### Exercise requirements
Line by line, output everything from the one that contains "Pork Chop with" through the end of the material below, exactly as written and with no pictures.

### Data extract
--------
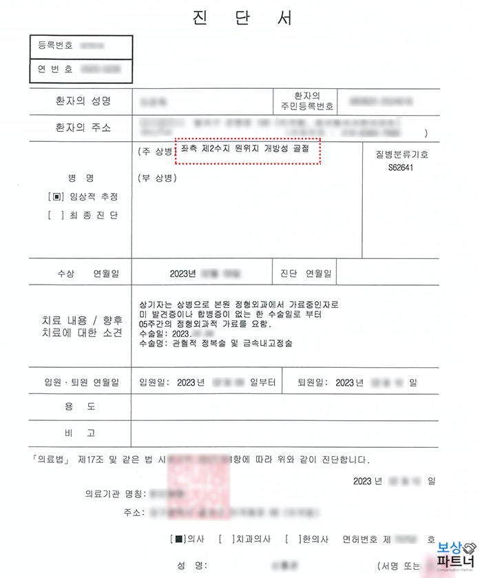 2,3수지 골절 지급률 10% 인정 사례 ☜ 클릭 5수지 골절 장해 보상 사례 ☜ 클릭
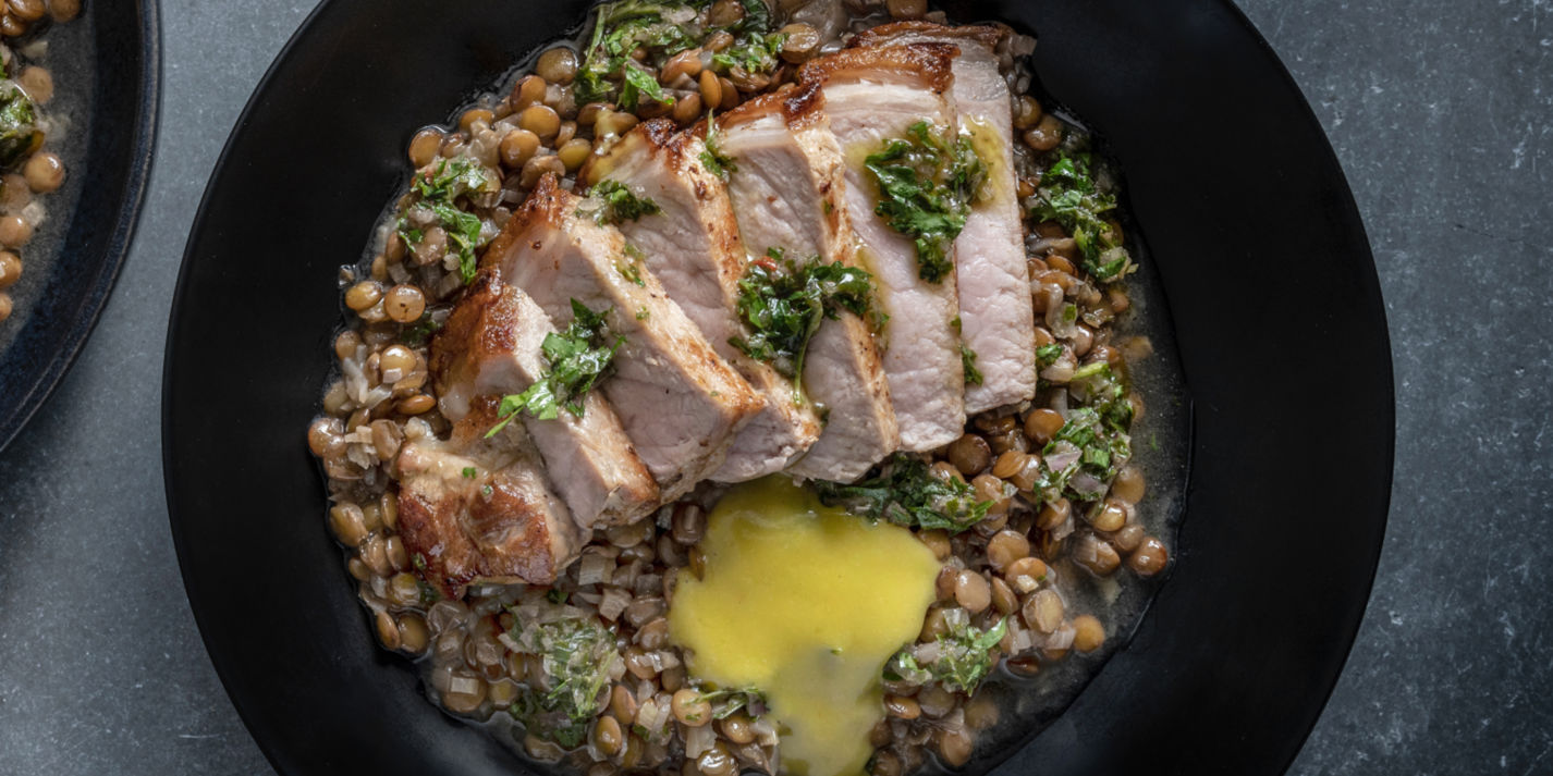 Pork Chop with Braised Lentils and Saffron Aioli Recipe Great British
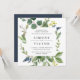 Our Eucalyptus Grove wedding invitation in a unique square format frames your wedding details with watercolor eucalyptus foliage, green leaves and tiny navy blue buds. A modern yet organic choice for fall and winter weddings featuring fresh green botanical foliage and elegant lettering.
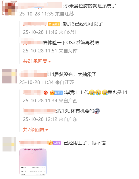 对此,有网友表示已经用上澎湃OS系统,很不错,也有网友表示,自己的设备还未收到推送。
--------
### Solution to the problem
 Pork Chop with Braised Lentils and Saffron Aioli Recipe Great British
 Our Eucalyptus Grove wedding invitation in a unique square format frames your wedding details with watercolor eucalyptus foliage, green leaves and tiny navy blue buds. A modern yet organic choice for fall and winter weddings featuring fresh green botanical foliage and elegant lettering.
 对此,有网友表示已经用上澎湃OS系统,很不错,也有网友表示,自己的设备还未收到推送。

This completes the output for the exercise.